#### [DESCRIPTION OF THE TASK]
Records follow. Print exactly the lines from the one that has "Glorious Organza Lace" through the one that has "Купить трафик для", inclusive, and omit the pictures.

#### [GIVEN DATA]
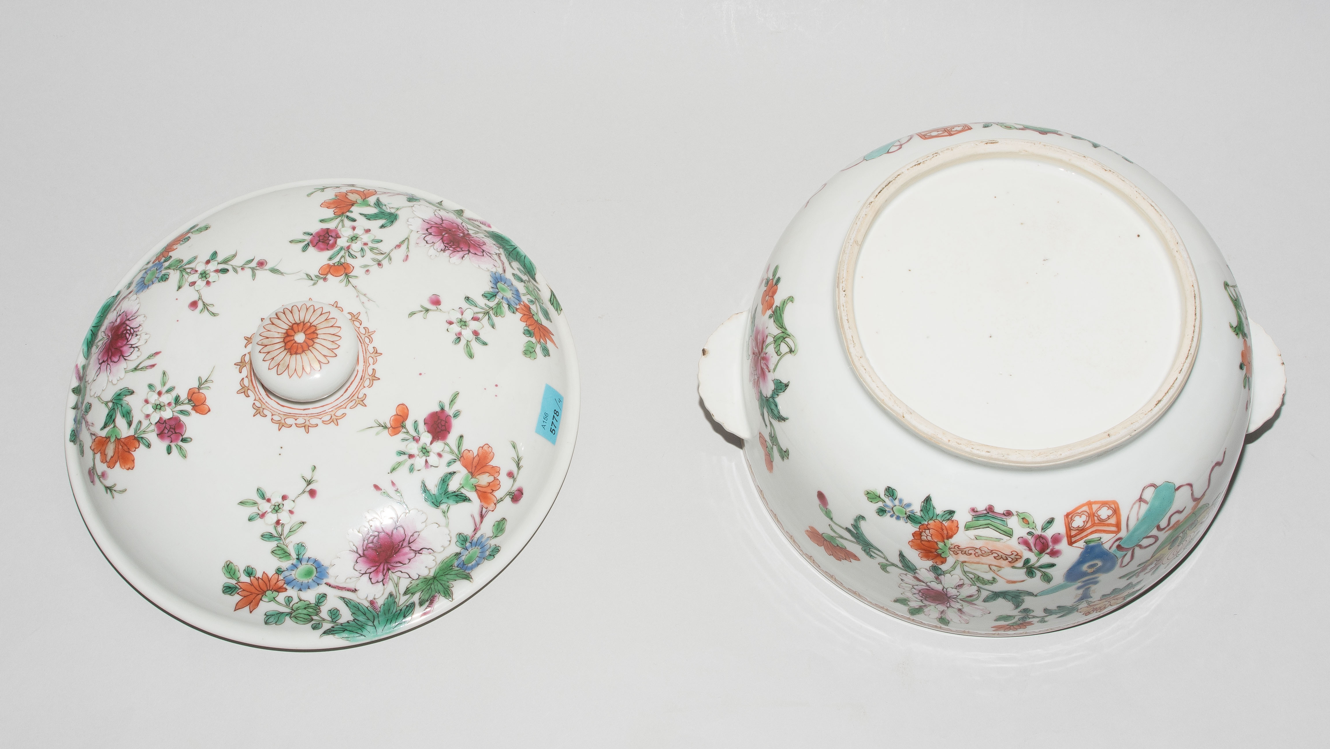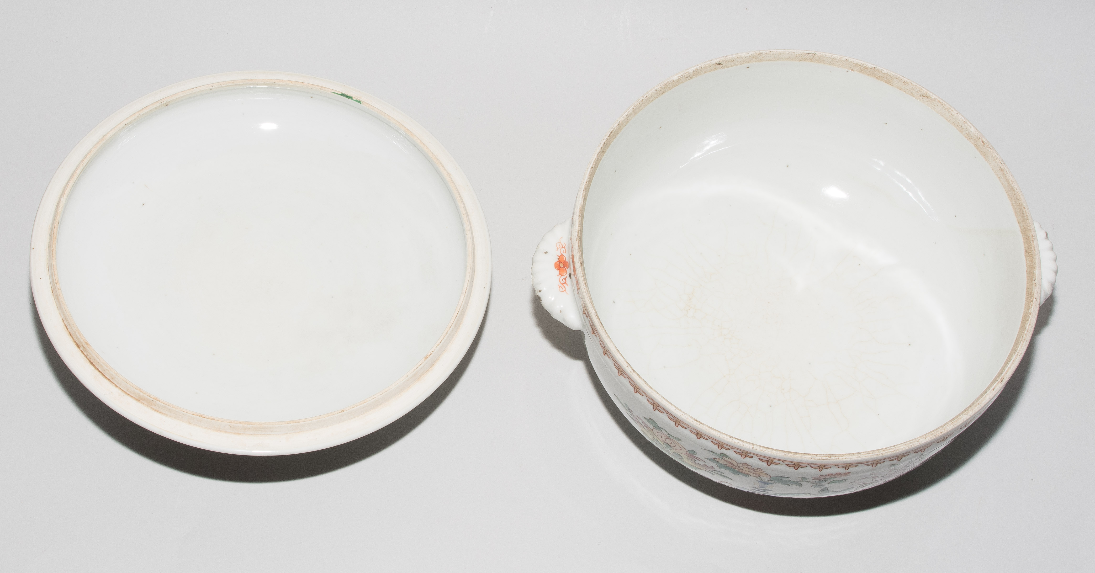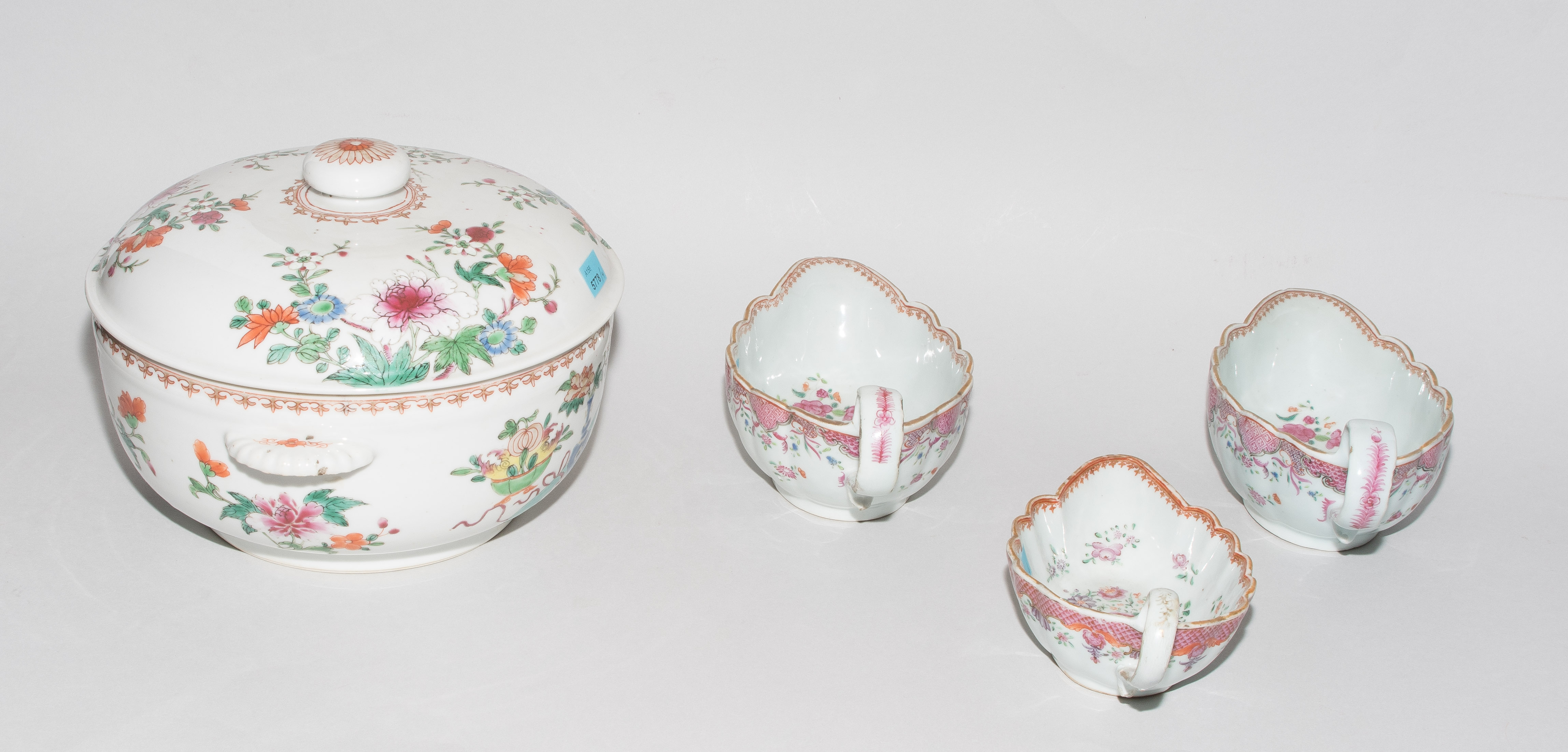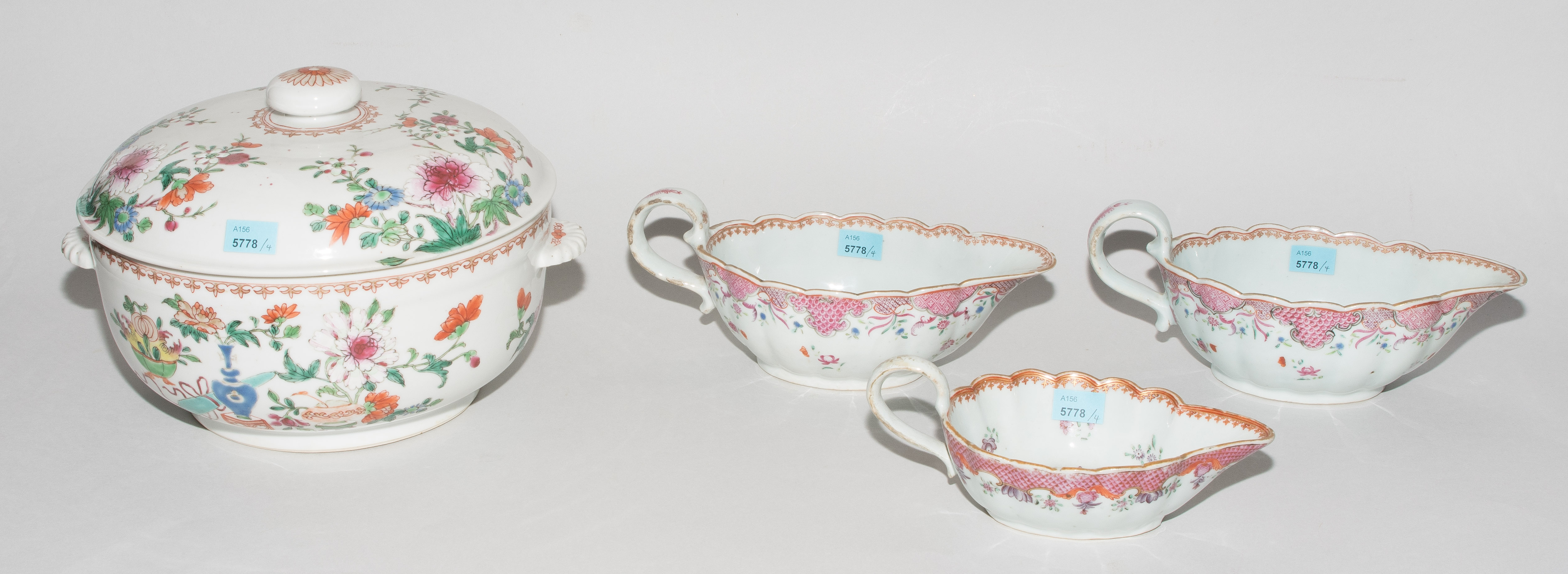 China, 18./19.Jh. Porzellan. Famille rose. Runde Deckelterrine mit bombiertem Deckel und muschelförmigen Henkeln. H 18, Ø 23. / Zwei grosse und eine kleine Saucière. H 7,5–9 cm. - Ein Henkel restauriert, Randbeschädigungen.
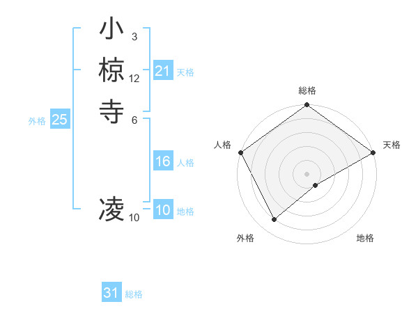 小椋寺 凌さんの総格は31画の5点!
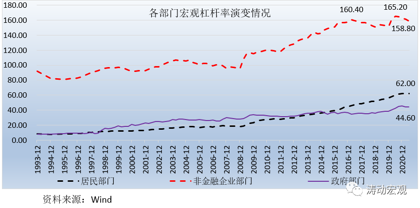 宏觀杠桿率是指非金融企業(yè)部門(mén)、政府部門(mén)、住戶部門(mén)從金融體系(含金融市場(chǎng)和金融機(jī)構(gòu))獲得的債務(wù)余額與年度國(guó)內(nèi)生產(chǎn)總值的比例,這是防范化解金融風(fēng)險(xiǎn)的決策依據(jù)。中國(guó)社科院國(guó)家資產(chǎn)負(fù)債表研究中心每季度會(huì)公布各部門(mén)的杠桿率情況,當(dāng)然央行自身也會(huì)對(duì)各部門(mén)的宏觀杠桿率進(jìn)行測(cè)算(通常不會(huì)公布)。
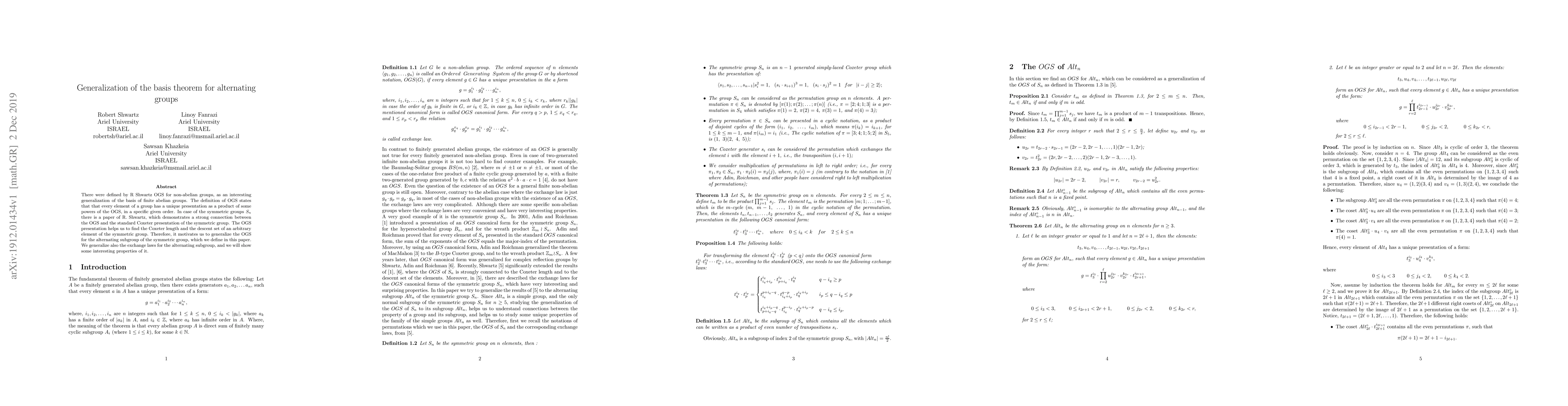 There were defined by R. Shwartz OGS for non-abelian groups, as an interesting generalization of the basis of finite abelian groups. The definition of OGS states that that every element of a group has a unique presentation as a product of some powers of the OGS, in a specific given order. In case of the symmetric groups S_{n} there is a paper of R. Shwartz, which demonstrates a strong connection between the OGS and the standard Coxeter presentation of the symmetric group. The OGS presentation helps us to find the Coxeter length and the descent set of an arbitrary element of the symmetric group. Therefore, it motivates us to generalize the OGS for the alternating subgroup of the symmetric group, which we define in this paper. We generalize also the exchange laws for the alternating subgroup, and we will show some interesting properties of it.
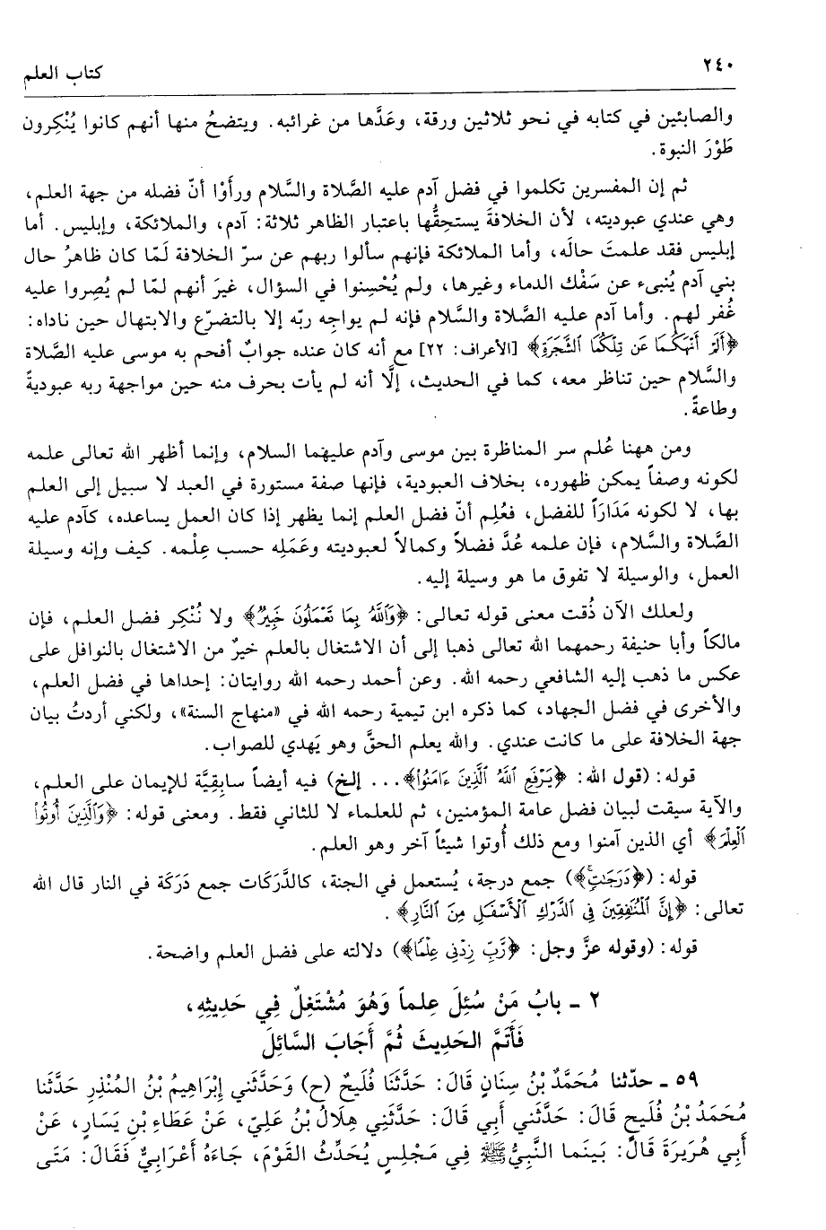 قوله: (قول الله: {يَرْفَعِ اللَّهُ الَّذِينَ ءامَنُواْ} ... إلخ) فيه أيضًا سابِقِيَّة للإيمان على العلم، والآية سيقت لبيان فضل عامة المؤمنين، ثم للعلماء لا للثاني فقط. ومعنى قوله: {وَالَّذِينَ أُوتُواْ الْعِلْمَ} أي الذين آمنوا ومع ذلك أُوتوا شيئًا آخر وهو العلم.
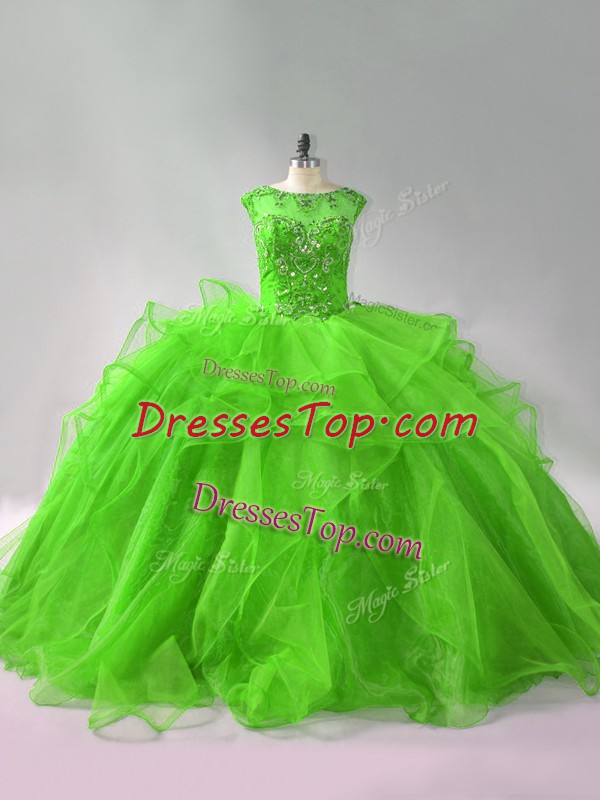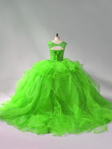 Glorious Organza Lace Up 15 Quinceanera Dress Sleeveless Brush Train Beading and Ruffles
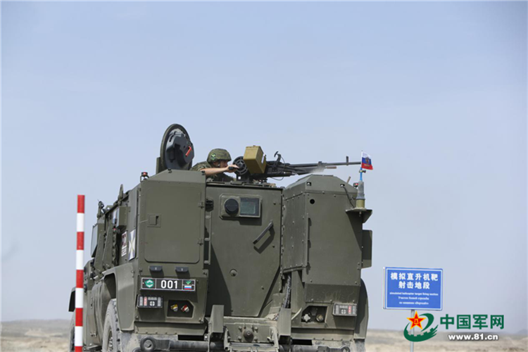 俄罗斯参赛队机枪手利用高射机枪打击目标。李康摄
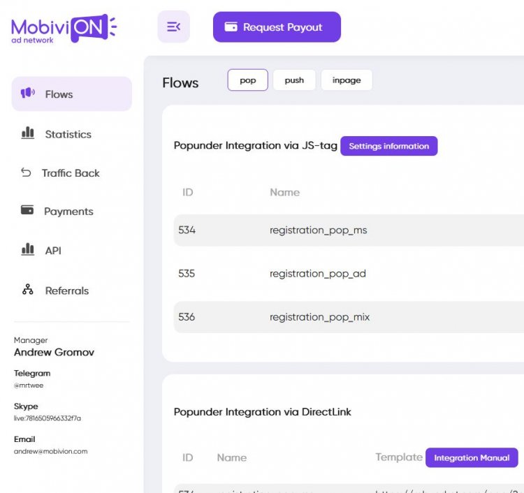 Купить трафик для арбитража и заработать сайтах с адалт и мейнстрим контентом теперь еще можно и на бирже Mobivion. Актуальные рекламные форматы на момент обзора: попандер, пуш уведомления и in-page pushes через интеграции JS-tag, директлинки и JSON/XML feed.
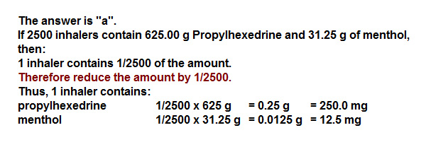 If 2500 inhalers contain a total of 625.00 g of propylhexedrine and 31.25 g of menthol, how much is contained in a single inhaler?
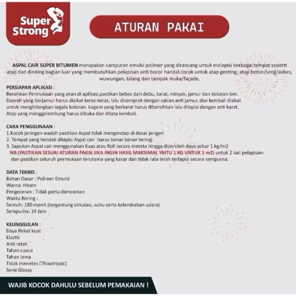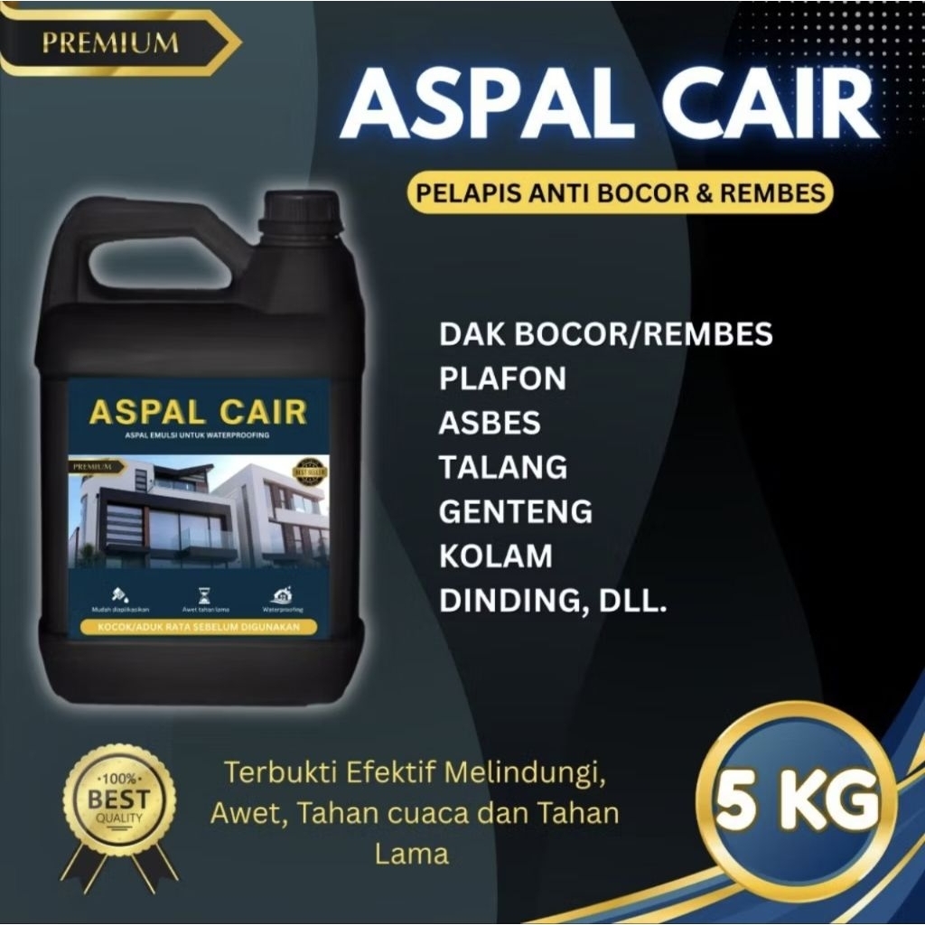 (PREMIUM QUALITY) Aspal Cair 5 kg+ paket gratis! kain fiber glass waterproofing+kuas&sarung tangan) (formula baru ampuh
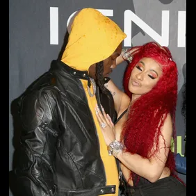 At a pre-Valentine's Day party last night, Cardi B was among the attendees with her hubby Offset. While they were posing for photos, the superstar made sure to not wear gloves, as she had at the Grammy's earlier that week. Instead, her ring was on full display with her showing it off proudly next to her man.
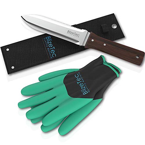 BlizeTec Hori Hori Knife Multipurpose Gardening Digging Tool Kit with Shealth and Gloves
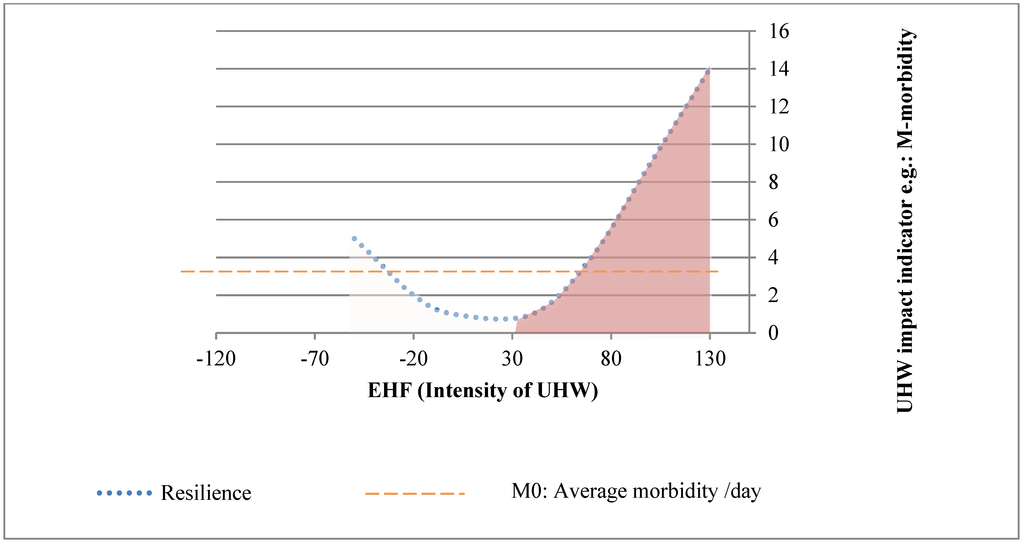 Based on the impact indicators and the intensity of the UHWs a calculation method for precincts heatwave resilience is proposed. Precinct resilience is a measure to the level to which a population within a neighbourhood can ignore heatwaves. The precinct specific resilient value is estimated from the data of several heatwave days. The vulnerability calculation method by Luers et al., is adopted, where wellbeing is changed to the UHW impact indicator and the temperature stressor to the EHF [73], (see Figure 4). The points of UHW impact indicators with the respective EHFs for each day shape the graph of precinct resilience. The shape of the graph characterises the resilience of each precinct.

#### [RESPONSE TO THE EXERCISE]
 Glorious Organza Lace Up 15 Quinceanera Dress Sleeveless Brush Train Beading and Ruffles
 俄罗斯参赛队机枪手利用高射机枪打击目标。李康摄
 Купить трафик для арбитража и заработать сайтах с адалт и мейнстрим контентом теперь еще можно и на бирже Mobivion. Актуальные рекламные форматы на момент обзора: попандер, пуш уведомления и in-page pushes через интеграции JS-tag, директлинки и JSON/XML feed.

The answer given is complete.